Squeaks are noises due to friction or component rubbing anywhere in the steering system. Squeaks have appeared in steering linkage joints, in steering column components, steering gear rotary seals and steering wheel trim parts.
Whine is the general air-borne noise of the P/S pump. Whine is in the frequency range of 1 kHz to 4 kHz. Whine is generated when engine rpm, pump rotational natural frequency and pump/bracket natural vibration frequency align.
Whistle is similar to hiss but is louder and of a higher frequency. It is also more of a pure tone noise than hiss. Whistle is air-borne and is generated by a high flow rate of hydraulic fluid through a small restriction.
Thank you for the reply.
The most common cause of the problem you are experiencing is most likely there is air in the system, since you have replaced the pump, you will have to purge and flush the system. I am sending you the purging and flush procedures to remove the air from the system, hope this helps you out.
WARNING: Do not mix oil types. Any mixture or any unapproved oil can lead to seal deterioration and leaks. A leak can ultimately cause loss of fluid, which can result in a loss of power steering assist.

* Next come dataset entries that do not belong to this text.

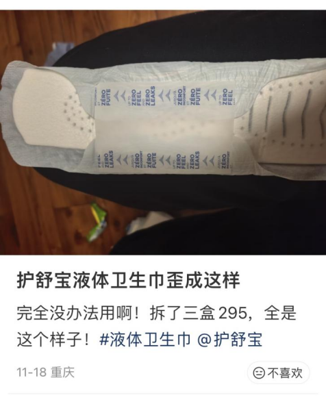 而早在2018年,《消费者报道》曾针对当时国内还是唯一一款的护舒宝Always未来感·极护液体卫生巾进行过测评,就有部分试用志愿者反映产品存在的一些使用体验问题,如“剪裁不够好,前半部分偏窄”“中间芯体窄”“透气性不足”等。7年过去了,关于其液体卫生巾的这类吐槽,依然还在社交媒体上出现。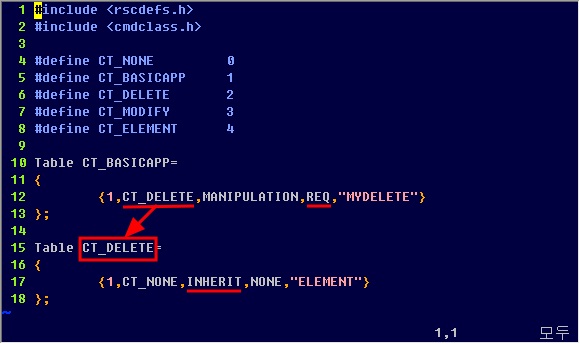 CT_DELETE라는 Table은 CT_BASICAPP에서 상속(INHERIT)을 받고 더 이상의 하위 Command Table은 필요로 하지 않습니다.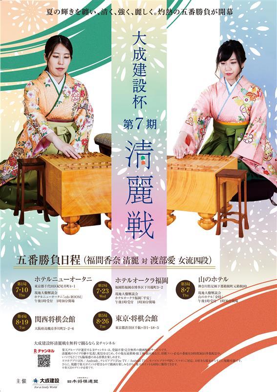 第7期清麗のタイトルを争う五番勝負は、福間香奈清麗に、渡部愛女流四段が挑戦する組み合わせとなり、3勝先取した女流棋士が「清麗」となります。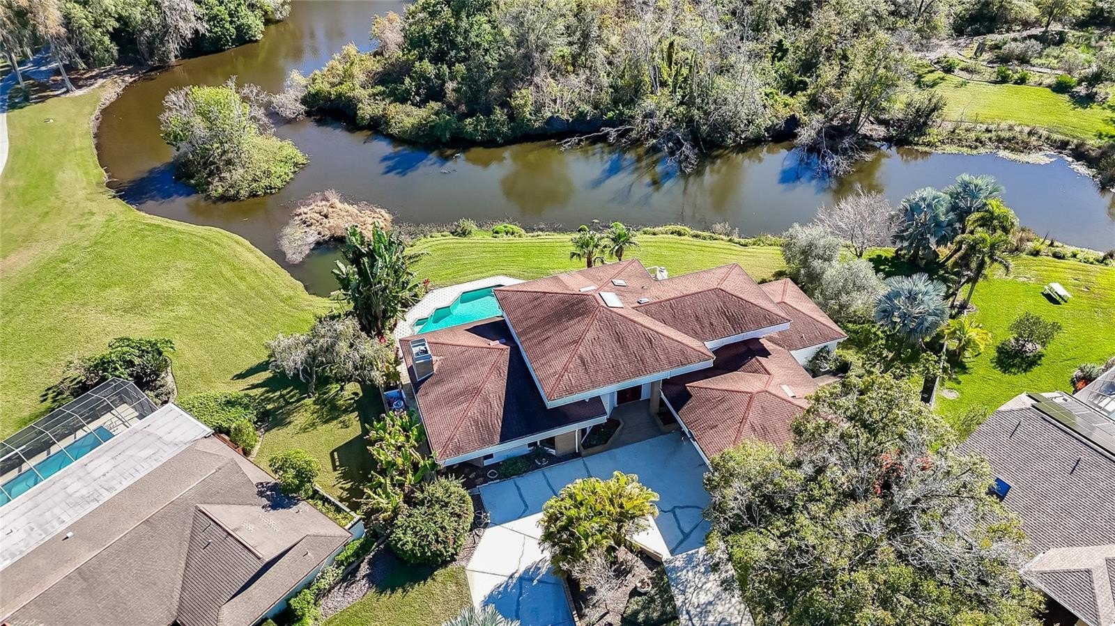 The SCREENED PORCH/FLORIDA ROOM Provides the Perfect ADDITIONAL LIVING SPACE, Beautifully Bringing the OUTDOORS IN and featuring MEXICAN TILE FLOORING and an inviting CORNER FIREPLACE—IDEAL for YEAR-ROUND ENJOYMENT. Outside, the POOL and SPA invite relaxation, while a MAIN-LEVEL DECK Built-in seating and multiple second-floor balcony decks allow endless opportunities to enjoy the peaceful, picturesque surroundings. With a grand floorplan, Hardwood floors, Abundant Natural Light, Multiple Indoor and Outdoor Living spaces, and an unparalleled estate lot, this home is truly ONE OF A KIND. Ideally located in Carrollwood Village, just minutes from Shopping, Parks, Major Roadways, Downtown Tampa, and Tampa International Airport, this EXCEPTIONAL PROPERTY offers both CONVENIENCE and PRESTIGE. Whoever purchases this residence will undoubtedly become the lucky new owner of a Truly Rare and Timeless Estate.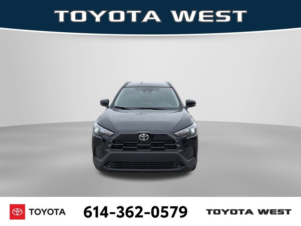 Jet Black 2026 Toyota Corolla Cross LE FWD CVT 2.0L I4 PDI DOHC 16V LEV3-SULEV30 169hp 4-Wheel Disc Brakes, 6 Speakers, ABS brakes, Air Conditioning, Alloy wheels, AM/FM radio: SiriusXM, Auto High-beam Headlights, Automatic temperature control, Brake assist, Bumpers: body-color, Delay-off headlights, Driver door bin, Driver vanity mirror, Dual front impact airbags, Dual front side impact airbags, Electronic Stability Control, Emergency communication system: Safety Connect (10-year trial), Exterior Parking Camera Rear, Fabric Seat Trim, Front anti-roll bar, Front Bucket Seats, Front Center Armrest, Front reading lights, Front Seats, Front wheel independent suspension, Fully automatic headlights, Heated door mirrors, Illuminated entry, Knee airbag, Leather steering wheel, Low tire pressure warning, Occupant sensing airbag, Outside temperature display, Overhead airbag, Panic alarm, Passenger door bin, Passenger vanity mirror, Power door mirrors, Power steering, Power windows, Radio data system, Radio: 8" Toyota Audio Multimedia with 6 Speakers, Rear anti-roll bar, Rear side impact airbag, Rear window defroster, Rear window wiper, Remote keyless entry, Speed control, Split folding rear seat, Spoiler, Steering wheel mounted audio controls, Tachometer, Telescoping steering wheel, Tilt steering wheel, Traction control, Trip computer, Turn signal indicator mirrors, Variably intermittent wipers, Wheels: 17" Silver-Painted Alloy.

Failure to follow these instructions may result in personal injury.
NOTE: Do not reuse the power steering fluid that has been flushed from the power steering system.
CAUTION: Do not overfill the reservoir.
CAUTION: Do not allow the power steering pump to run completely dry of power steering fluid.
CAUTION: Avoid turning the steering wheel without the engine running as this may cause air to be pulled into the steering gear.
NOTE: It is necessary to correctly fill the power steering system to remove any trapped air and completely fill the power steering system components.
If, after correctly filling the power steering system, there is power steering noise accompanied by evidence of aerated fluid and there are no fluid leaks, it may be necessary to purge the power steering system.